Copy out the data exactly as it appears, without a single image.

BEGIN Dataset section

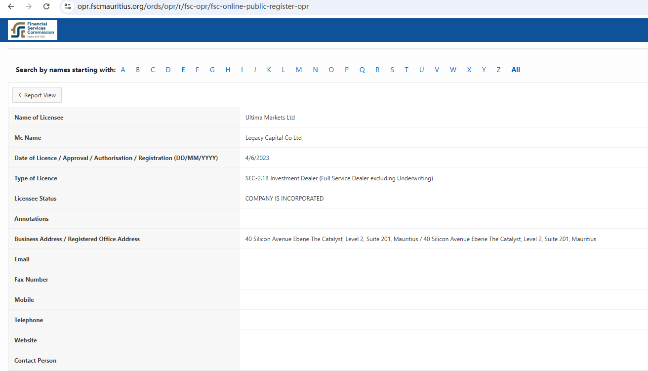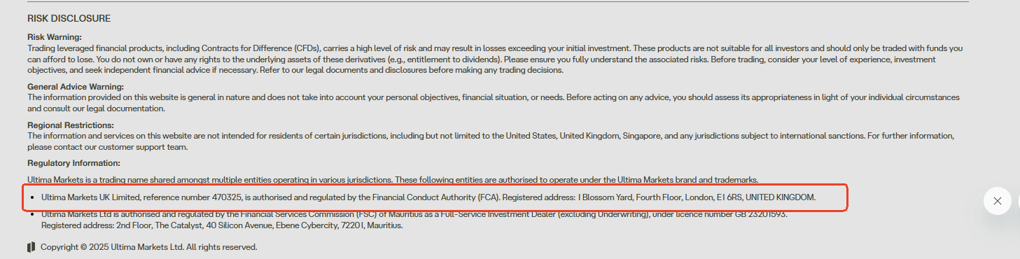 Ultima Markets claims to be regulated and licensed by both the UK Financial Conduct Authority (FCA) and the Financial Services Commission (FSC) of Mauritius. While we were able to locate license records associated with Ultima Markets in the databases of both regulatory bodies, significant concerns remain regarding the legitimacy of these claims.
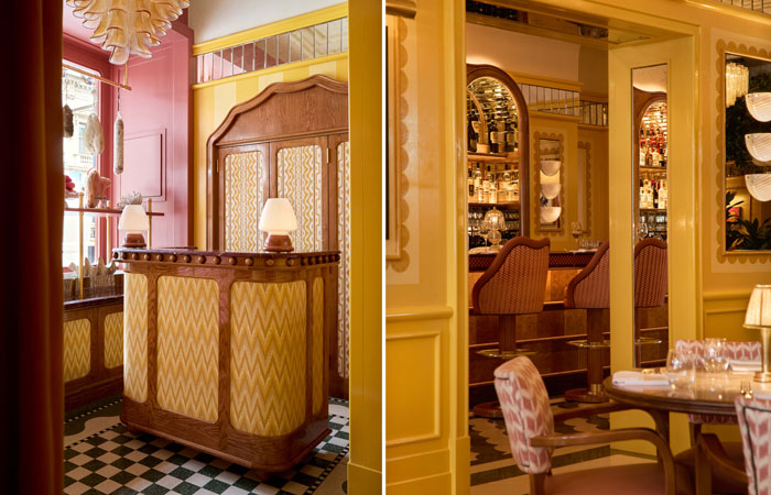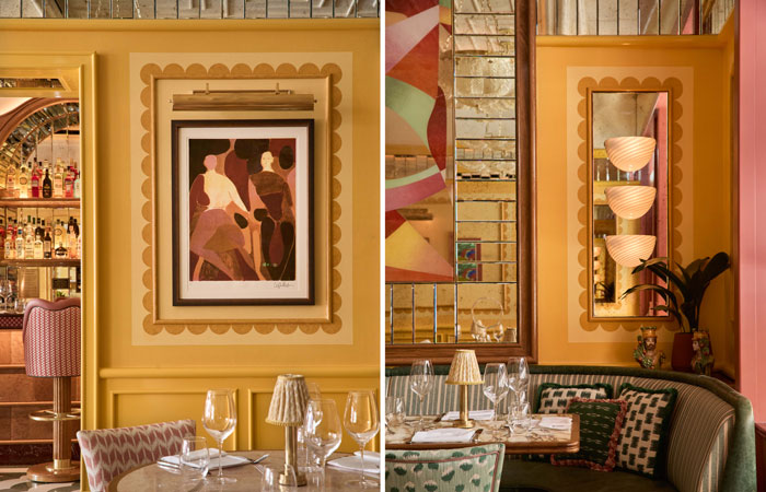 In the main dining room, the warm yellow toned walls continue, paying homage to the subtle frescos of venetian villas. Fettle have modernised the look and feel of the restaurant through colour blocking and introduced details including scalloped borders and checkered patterns. The studio has also framed the walls in painted timber panelling to establish a rhythm that evokes the restaurant’s classical roots.
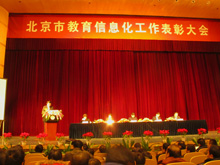 本次大會是北京市關于教育信息化方面的第一次如此大規(guī)模的總結(jié)表彰大會,受表彰的單位有市教委直屬單位、普通高等學校、職業(yè)成人學校、教委所屬教育教學單位。出席大會的有北京市經(jīng)濟和信息委員會副主任姜毅群、教育部科技司副司長陳盈輝、北京市教委副主任郭廣生、北京市教委委員曹素云;北京市高校信息化主管校長、信息中心主任;區(qū)縣主管主任、信息中心主任;各直屬單位領導;獲獎單位代表及獲獎個人。在表彰大會上北京市教委郭廣生副主任對獲獎單位和個人表示祝賀,并做了“站在新的歷史起點上,推動北京教育信息化發(fā)展”的主題報告,對北京地區(qū)高校九年來教育信息化工作取的成績給予了充分肯定,對下一步工作提出了新的任務。教育部陳盈輝副司長祝賀北京市教育信息化取得的成績,贊揚北京教育信息化走在了全國前列,希望高校大力推進數(shù)字校園建設,充分利用現(xiàn)有資源為首都和全國服務,做出更大貢獻。北京市經(jīng)濟與信息化委員會姜毅群副主任介紹了北京市整個信息化發(fā)展情況,對高校信息化工作提出了四點思考:1.高標準籌化教育信息化規(guī)劃和任務;2.提升教育信息化面向社會服務的功能;3.加強優(yōu)質(zhì)教學資源的整合,服務于學習型社會的創(chuàng)新;4.加強信息網(wǎng)絡的安全保障。會議希望受表彰的單位和個人再接再厲,不斷創(chuàng)新,積累更多更好的經(jīng)驗,取得更大的成績。希望廣大教育工作者要不斷學習、借鑒先進經(jīng)驗,加快本市教育信息化建設與應用步伐,使北京教育信息化建設與應用水平邁上新臺階。

END Dataset section

Task solution:
 Ultima Markets claims to be regulated and licensed by both the UK Financial Conduct Authority (FCA) and the Financial Services Commission (FSC) of Mauritius. While we were able to locate license records associated with Ultima Markets in the databases of both regulatory bodies, significant concerns remain regarding the legitimacy of these claims.
 In the main dining room, the warm yellow toned walls continue, paying homage to the subtle frescos of venetian villas. Fettle have modernised the look and feel of the restaurant through colour blocking and introduced details including scalloped borders and checkered patterns. The studio has also framed the walls in painted timber panelling to establish a rhythm that evokes the restaurant’s classical roots.
 本次大會是北京市關于教育信息化方面的第一次如此大規(guī)模的總結(jié)表彰大會,受表彰的單位有市教委直屬單位、普通高等學校、職業(yè)成人學校、教委所屬教育教學單位。出席大會的有北京市經(jīng)濟和信息委員會副主任姜毅群、教育部科技司副司長陳盈輝、北京市教委副主任郭廣生、北京市教委委員曹素云;北京市高校信息化主管校長、信息中心主任;區(qū)縣主管主任、信息中心主任;各直屬單位領導;獲獎單位代表及獲獎個人。在表彰大會上北京市教委郭廣生副主任對獲獎單位和個人表示祝賀,并做了“站在新的歷史起點上,推動北京教育信息化發(fā)展”的主題報告,對北京地區(qū)高校九年來教育信息化工作取的成績給予了充分肯定,對下一步工作提出了新的任務。教育部陳盈輝副司長祝賀北京市教育信息化取得的成績,贊揚北京教育信息化走在了全國前列,希望高校大力推進數(shù)字校園建設,充分利用現(xiàn)有資源為首都和全國服務,做出更大貢獻。北京市經(jīng)濟與信息化委員會姜毅群副主任介紹了北京市整個信息化發(fā)展情況,對高校信息化工作提出了四點思考:1.高標準籌化教育信息化規(guī)劃和任務;2.提升教育信息化面向社會服務的功能;3.加強優(yōu)質(zhì)教學資源的整合,服務于學習型社會的創(chuàng)新;4.加強信息網(wǎng)絡的安全保障。會議希望受表彰的單位和個人再接再厲,不斷創(chuàng)新,積累更多更好的經(jīng)驗,取得更大的成績。希望廣大教育工作者要不斷學習、借鑒先進經(jīng)驗,加快本市教育信息化建設與應用步伐,使北京教育信息化建設與應用水平邁上新臺階。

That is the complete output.